Question

If $xdy - y \log_e ydx + 2yx^3 \sin xdx + yx^4 \cos xdx = 0$, then solution is

• A. $y = e^{x}(c-x^2 \tan x)$
• B. $y = e^{x^2}(c-x \sin x)$
• C. $y = e^{x}(c+x^2 \sin x)$
• D. $y = e^{x^2}(c+x \sin x)$

Answer 1

None of the given options are correct.
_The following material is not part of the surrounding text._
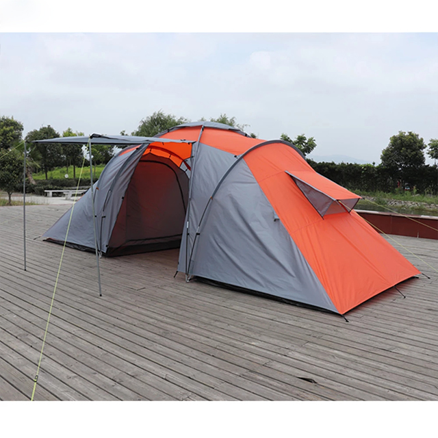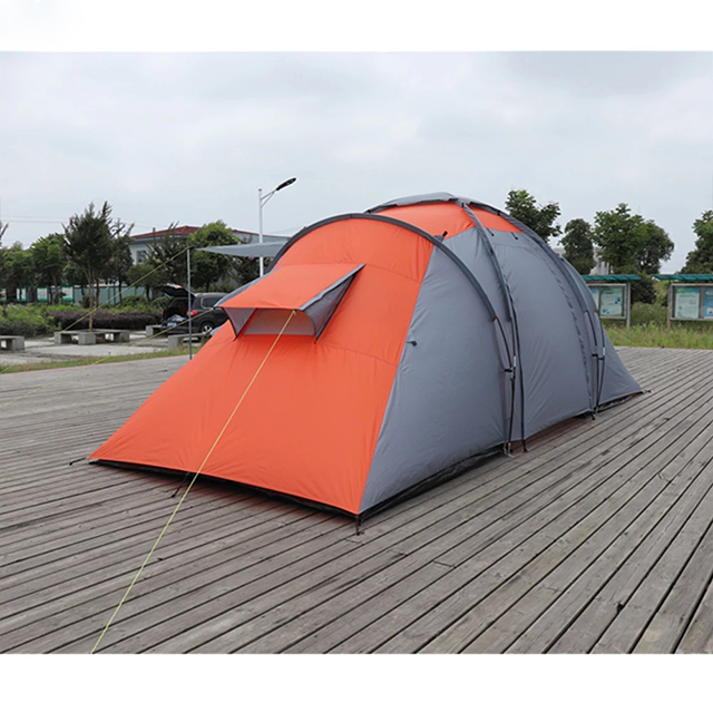Outdoor Camping TentProduct detailssize : 560*220*190CMoutsheet fabric:210T Waterproof Rip Stop polyester PU2000mmPole: Dia 16mm steel tube + DIa 9.5MM fiberglass PoleInner fabric: 190T breathable fabric +B3 Meshfloor:210D Rip Stop oxford PU3000C: 8.5kgs Suitabke for 6-8 person Packing :carry ......

The correct solution is $\ln y = cx - x^3\sin x$, or $y=e^{cx-x^3\sin x}$.

Answer 2

Here's how to solve the differential equation and why none of the provided options match the correct solution:

1. Rewrite the Equation:

   The given differential equation is:

   $$x\,dy - y\ln y\,dx + 2yx^3\sin x\,dx + yx^4\cos x\,dx=0$$

   Group the $dx$ terms:

   $$x\,dy + y\Bigl(2x^3\sin x + x^4\cos x -\ln y\Bigr)dx=0$$

2. Divide and Substitute:

   Divide the entire equation by $xy$ (assuming $x \ne 0$ and $y > 0$):

   $$\frac{dy}{y} + \Bigl[2x^2\sin x + x^3\cos x -\frac{\ln y}{x}\Bigr]dx=0$$

   Substitute $u = \ln y$, so $\frac{dy}{y} = du$. The equation becomes:

   $$du + \Bigl[2x^2\sin x + x^3\cos x -\frac{u}{x}\Bigr]dx=0$$

   Rearrange to get a linear ODE:

   $$\frac{du}{dx} - \frac{1}{x}\,u = -2x^2\sin x - x^3\cos x$$

3. Solve the Linear ODE:

   The integrating factor is:

   $$\mu(x)=e^{-\int\frac{1}{x}dx} = e^{-\ln|x|} = \frac{1}{x}$$

   Multiply the ODE by $\mu(x) = \frac{1}{x}$:

   $$\frac{1}{x}\frac{du}{dx} - \frac{1}{x^2}\,u = -2x\sin x - x^2\cos x$$

   The left side is the derivative of $\frac{u}{x}$:

   $$\frac{d}{dx}\Bigl(\frac{u}{x}\Bigr)= -2x\sin x - x^2\cos x$$

   Integrate both sides:

   $$\frac{u}{x}=-\int\Bigl[2x\sin x+x^2\cos x\Bigr]dx$$

   Since $\frac{d}{dx}(x^2\sin x)=2x\sin x+x^2\cos x$, the integral is:

   $$\int\Bigl[2x\sin x+x^2\cos x\Bigr]dx=x^2\sin x$$

   So,

   $$\frac{u}{x}=-x^2\sin x + c,\quad \text{or}\quad u=-x^3\sin x + cx$$

4. Back-Substitute:

   Substitute back $u = \ln y$:

   $$\ln y = cx - x^3\sin x,\quad \text{or}\quad y = e^{cx-x^3\sin x}$$

5. Comparison with Options:

   None of the provided options match the derived solution. The correct general solution is of the form $y = e^{cx - x^3 \sin x}$.